Village in Nemaha County, Nebraska, United States

Johnson is a village in Nemaha County, Nebraska, United States. The population was 313 at the 2020 census.

==History==
The first settlement at Johnson was made in the 1860s. Johnson was platted in 1881 when the railroad was extended to that point. The village was named for Julius A. Johnson, the original owner of the town site.

==Geography==
Johnson is located at (40.411250, -95.998665).

According to the United States Census Bureau, the village has a total area of 0.18 sqmi, all land.

==Demographics==

Historical population
| Census | Pop. | Note | %± |
| 1890 | 234 |  | — |
| 1900 | 352 |  | 50.4% |
| 1910 | 273 |  | −22.4% |
| 1920 | 255 |  | −6.6% |
| 1930 | 238 |  | −6.7% |
| 1940 | 301 |  | 26.5% |
| 1950 | 262 |  | −13.0% |
| 1960 | 304 |  | 16.0% |
| 1970 | 350 |  | 15.1% |
| 1980 | 341 |  | −2.6% |
| 1990 | 323 |  | −5.3% |
| 2000 | 280 |  | −13.3% |
| 2010 | 328 |  | 17.1% |
| 2020 | 309 |  | −5.8% |
| 2021 (est.) | 313 | Increase | 1.3% |
U.S. Decennial Census

===2010 census===
As of the census of 2010, there were 328 people, 151 households, and 96 families residing in the village. The population density was 1822.2 PD/sqmi. There were 169 housing units at an average density of 938.9 /sqmi. The racial makeup of the village was 96.0% White, 0.3% Native American, 0.3% Asian, 1.5% from other races, and 1.8% from two or more races. Hispanic or Latino of any race were 3.7% of the population.

There were 151 households, of which 28.5% had children under the age of 18 living with them, 49.7% were married couples living together, 12.6% had a female householder with no husband present, 1.3% had a male householder with no wife present, and 36.4% were non-families. 34.4% of all households were made up of individuals, and 24.5% had someone living alone who was 65 years of age or older. The average household size was 2.17 and the average family size was 2.79.

The median age in the village was 40.8 years. 25.3% of residents were under the age of 18; 6.5% were between the ages of 18 and 24; 21.1% were from 25 to 44; 22.2% were from 45 to 64; and 25% were 65 years of age or older. The gender makeup of the village was 43.3% male and 56.7% female.

===2000 census===
As of the census of 2000, there were 280 people, 150 households, and 70 families residing in the village. The population density was 1,583.6 PD/sqmi. There were 169 housing units at an average density of 955.8 /sqmi. The racial makeup of the village was 97.86% White, 0.71% Native American, 0.36% Asian, and 1.07% from two or more races. Hispanic or Latino of any race were 0.36% of the population.

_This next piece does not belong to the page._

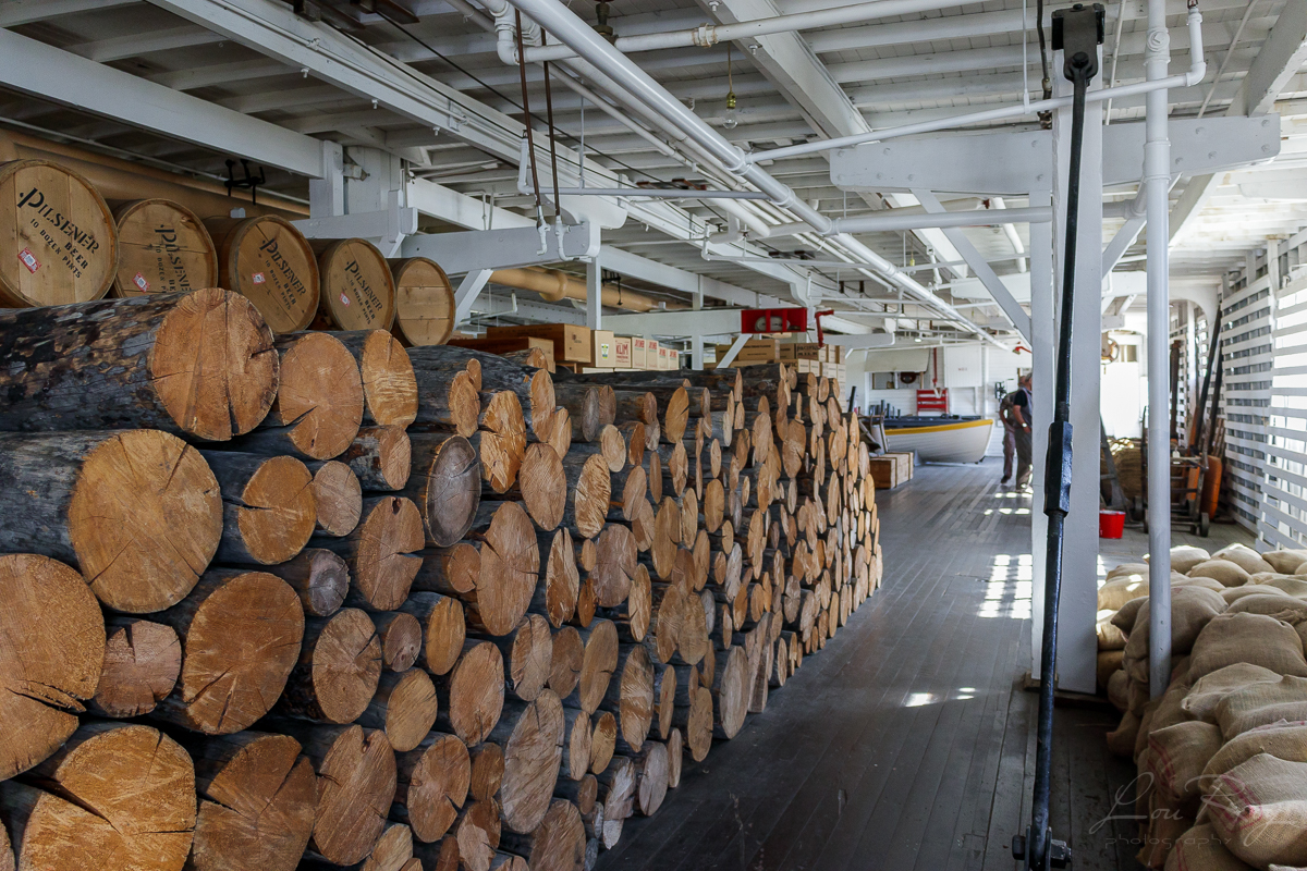 À l’avant se trouvent la chambre de combustion et la chaufferie où travaillait le chauffeur de la chaudière.  Il y faisait chaud et le travail était éreintant:  le Klondike brûlait, en moyenne, une corde (4 pi X 4 pi X 8 pi) de bois à l’heure.

There were 150 households, out of which 19.3% had children under the age of 18 living with them, 41.3% were married couples living together, 4.7% had a female householder with no husband present, and 52.7% were non-families. 49.3% of all households were made up of individuals, and 32.0% had someone living alone who was 65 years of age or older. The average household size was 1.87 and the average family size was 2.72.

In the village, the population was spread out, with 17.9% under the age of 18, 7.9% from 18 to 24, 21.4% from 25 to 44, 22.1% from 45 to 64, and 30.7% who were 65 years of age or older. The median age was 47 years. For every 100 females, there were 77.2 males. For every 100 females age 18 and over, there were 72.9 males.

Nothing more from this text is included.